The character-related drama in Stardew Valley isn't all about missing purple shorts and half-wizard love children, though. There's more serious stuff afoot, too. If you grow close to one eligible bachelor, Alex, he admits he had a rough childhood growing up with an abusive alcoholic father. In the same vein, another townsperson, Pam, lives in a trailer and has a strong taste for the drink. She relies on her daughter, the introverted Penny, to take care of her.
And then there's Shane, a heavy-drinking perpetually scruffy stockboy for JojaMart. JojaCorp is Stardew Valley's quintessential Evil Conglomerate™ -- it's Google, Wal-Mart, and AOL rolled into one sterile, soulless corporation. There's a JojaMart at the edge of Stardew Valley that threatens to run the smaller merchants out of business, but townspeople like Shane have no choice but to work there. It may be part of the reason why he's sour-tempered, uninterested in taking care of himself, and generally suffering from depression.
But even Shane's troubles aren't the bottom of Stardew Valley's small-town troubles. In your second year of farming life, you meet Kent, a soldier returning from a combat zone. Kent is a bit of a heartbreaking figure: He's the father of Sam (yet another bachelor), but admits he's been at war for so long, he has to get to know Sam all over again. He's also suffering from severe post-traumatic stress disorder, possibly as a result of spending time in a prison camp (which you can accidentally trigger by gifting him with particular kinds of food. Super!).
Kent's daily routine is also aimless compared to the other characters'. Mind, everyone in Stardew Valley kind of meanders in true Harvest Moon fashion, but there's ultimately purpose to their travels. Lewis talks to townspeople and collects taxes. Willy the fisherman sells fishing supplies, and fishes on his downtime. Robin the carpenter runs her shop when she's not upgrading buildings on your property. Penny tutors two of the town's children, Vincent and Jas.
But Kent wanders and spends long hours just standing outside, doing nothing in particular. Sometimes he gets restless and enters his house, only to leave it again. He stays outside until midnight, then wakes up in the morning and does it all over again. He's damaged, maybe irreparably so, and not even the peace of the valley can soothe him.
It's not surprising, really: Kent's dialogue indicates there's a pretty brutal war going on overseas, and Barone confirmed as much on his Twitter account. Demetrius occasionally remarks how Stardew Valley is insulated from the rest of the world, but as Kent's return indicates, it's not untouchable.

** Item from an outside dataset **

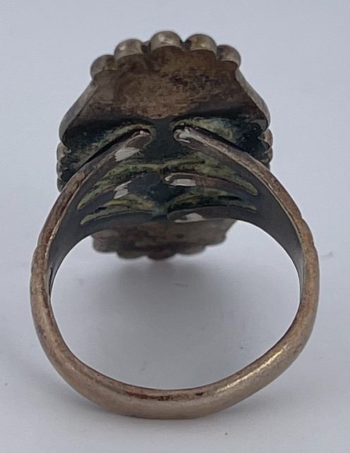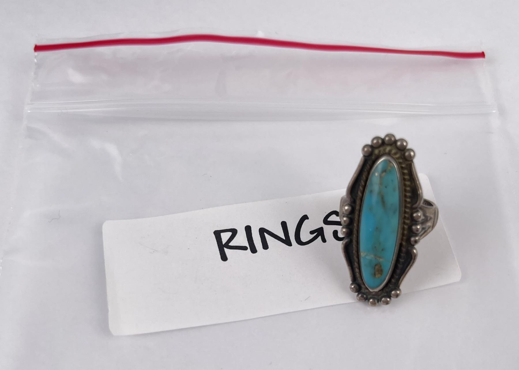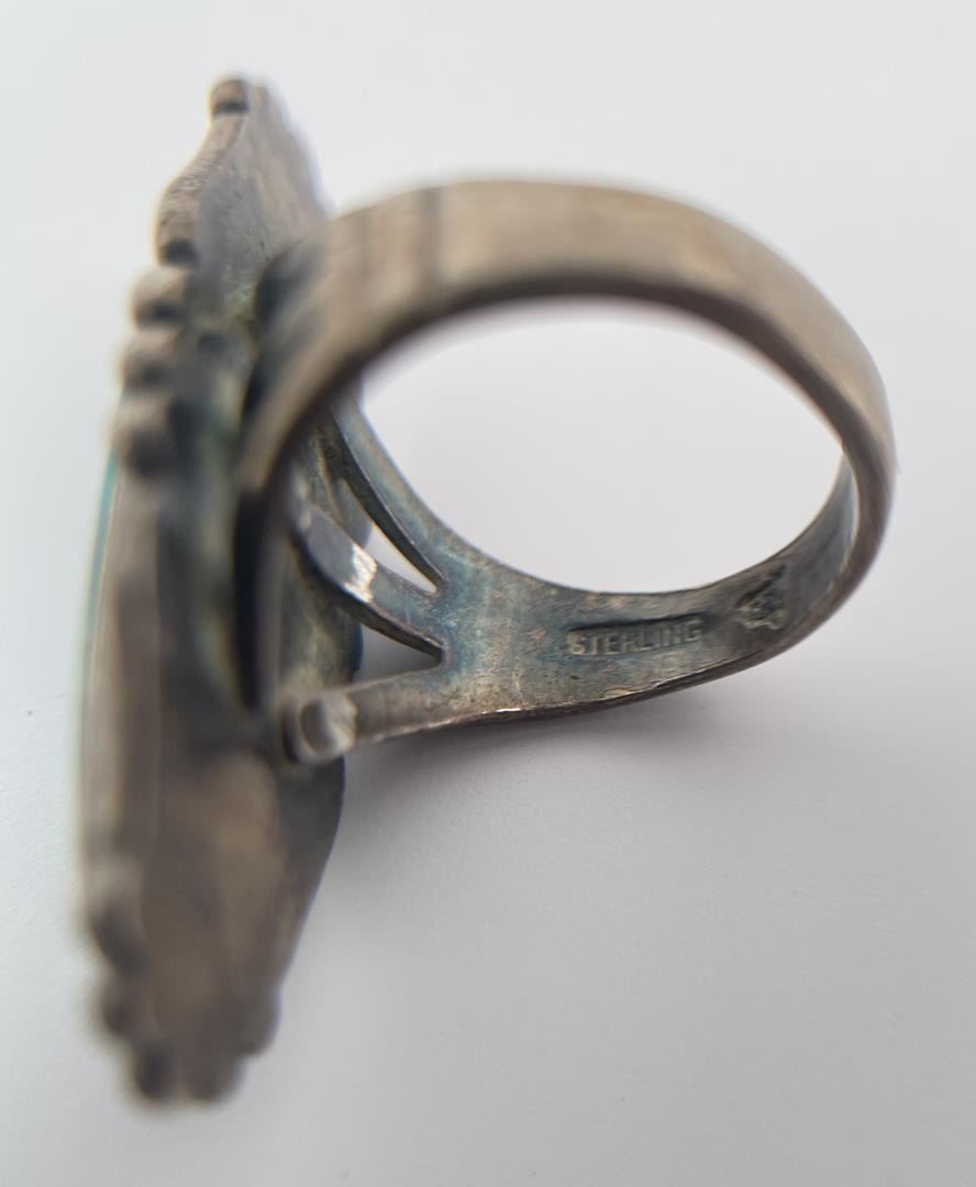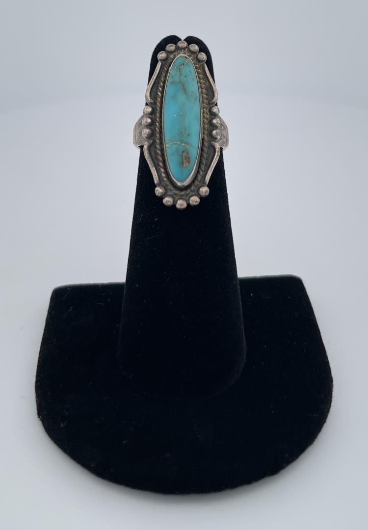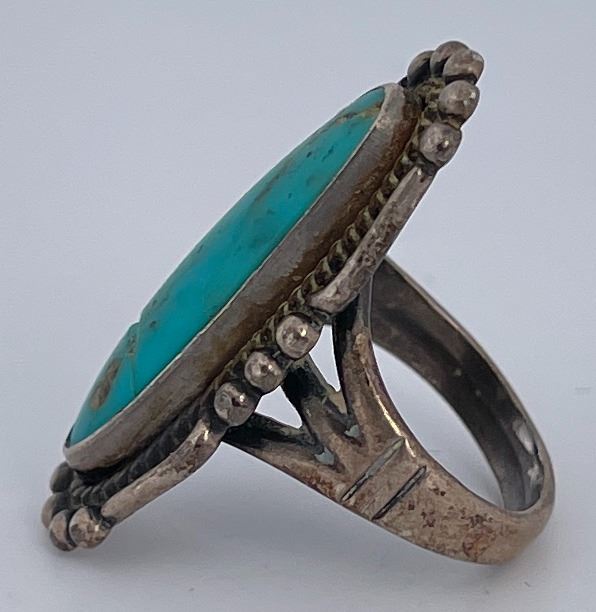 Very nice oblong shaped turquoise cab nicely set in Sterling Silver. Stamped with makers mark. Size 4.25
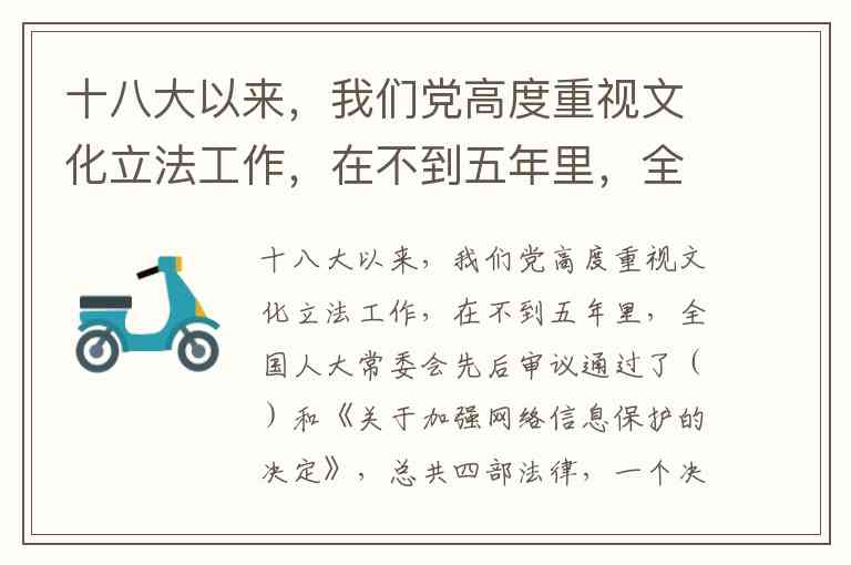 十八大以来,全国人大常委会在不到五年时间内审议通过了《网络安全法》《电影产业促进法》《公共文化服务保障法》《国歌法》4部法律及《关于加强网络信息保护的决定》1部决定,形成文化立法的密集成果期。其中,《网络安全法》构建网络空间安全保障体系,《电影产业促进法》推动文化产业市场化发展,《公共文化服务保障法》以法治手段保障公民文化权益,这三部法律均属题目选项范围。

Your character moves to Stardew Valley because they're sick of the big city and the corporate rat race. Sure enough, life on the farm brings with it a massive sense of accomplishment, but there's more to your neighbors than welcoming committees and friendly correspondence. Good on Barone and Stardew Valley for reminding us that people can complex, troubled, and unpleasant regardless of whether they live in a city of millions or a town of dozens.